There are some other interesting pieces of information found in the study, for example:

  • The following types of details or statements, when added to a user’s prompts, tended to make the results more secure:
    • Specifications, such as which encryption algorithm to use
    • Helper functions
  • The following types of details or actions, when added to a user’s prompts, tended to make the results less secure:
    • Specifying a library to import
    • Using the output of one prompt as part of the next prompt
  • Users who perform “Prompt Repair”, a term meaning rewording and tweaking of phrasing to induce the AI to produce a better result, are more likely to produce secure results.
  • Users with security training are much less likely to trust the AI to write an SQL query for them, and in general less likely to trust the AI.

Takeaways From This AI-Assisted Coding Study

For a software developer, researcher, security consultant, or manager of such, the question becomes: what role should these emerging AI-assisted coding techniques play for developers?
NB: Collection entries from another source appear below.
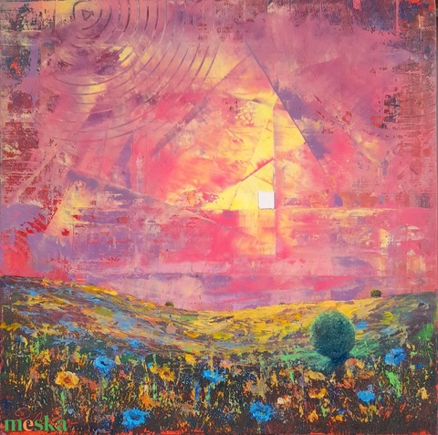 Alföld 2. - Absztrakt tájkép, olajfestmény keretezve, akasztóval - azonnal falra akasztható.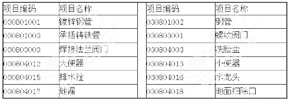 給水管道系統及衛生器具有關分部分項工程量清單項目的統一編碼,見下表: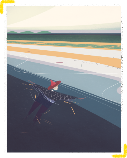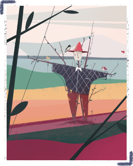 Od kiedy zdjęto Stracha z tyczki, już nic go nie trzymało. Nigdzie się jednak nie ruszał, czekając na to, co się wydarzy. Pod wieczór, zanim słońce schowało się za lasem, przyleciały ptaki, żeby wydziobać z ziemi resztki ziarna, a między nimi uwijały się polne myszy gromadzące zapasy w podziemnych spichlerzach.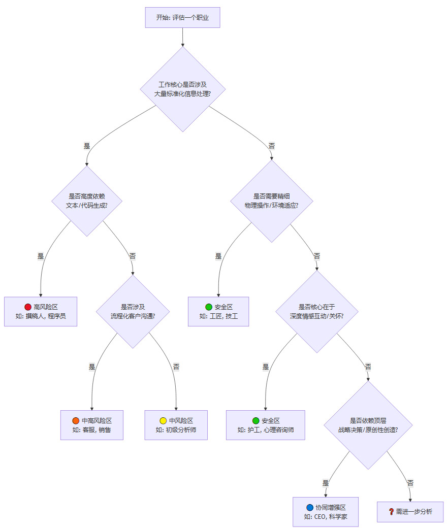 这个流程图清晰地揭示了,职业的安全性并不取决于其“高大上”的程度,而在于其核心任务与AI能力短板的匹配度。一个经验丰富的管道工,其职业安全性可能远高于一个初级的数据标注员。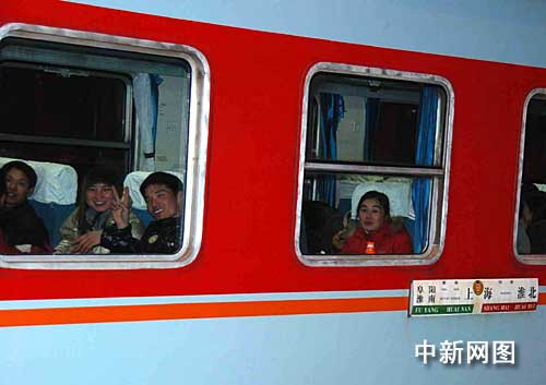 據杭州鐵路公安局馬警官介紹,這春運第一車是由杭州開往阜陽的,但由于是一趟臨時加班車,所以車身上依然掛的是上海到淮北的牌子。同時該車乘務員告訴記者,該車在加了車廂后,現在共有17節車廂,而從杭州站上車的旅客就有1800多人,超員已在百人以上了。“17節肯定是不夠的,路上過站還得有人要上,可現在光杭州首發站,就連餐車里都坐滿了人,前面還有幾節車廂還有好多沒座票的人站著呢。”馬警官指著餐車車廂說道。(完)

Given this study and others (see GitHub Considered Harmful?), it’s clear that AI remains limited in its ability to generate secure code. This underlying issue is compounded by the confidence it imparts to developers using these tools.

It is therefore recommended that these tools not be used in their current form, especially in security-sensitive contexts. The productivity benefits of AI code completion tools have, at the time of writing, been found to be limited, and the risks of introducing a security issue are high.

If the use of an AI coding tool is unavoidable, precautions should be put in place to minimize the risks,

  • Have a Secure Software Development Life Cycle. And make sure all developers are familiar with it. Doing so is good practice but is even more important to consider when adding radically-transformative tools like AI.
  • Have Developers Take Relevant Security Classes. Again, education is always a good idea. In this study, participants who had taken an unspecified security class were half as likely to trust the AI assistant’s output.
  • Make the Risks Clear. Impress upon developers that the output of such tools is not too trusted. The model wasn’t trained on only secure code and cannot produce only secure software even if it had been.

Further Research into AI Coding Assistants

The sample size of 47 leaves a lot to be desired, and more studies using similar techniques are required to know the extent of these issues with certainty.

There are other questions not answered by the study that would be interesting to investigate, such as:

  • Are there any specific strategies developers can use to make the AI generate more secure code?
  • How accurate are AI-generated answers to security-related questions?
  • How does the AI compare to Google for finding security recommendations?
  • Are there any ways to use this technology that pose less risk than simply having it write code for us?

The authors of the study provide source code and reference materials for their techniques and this study encourages others to use that information and reproduce the results. There is clearly a great opportunity for additional research into how we can make AI-generated code more secure.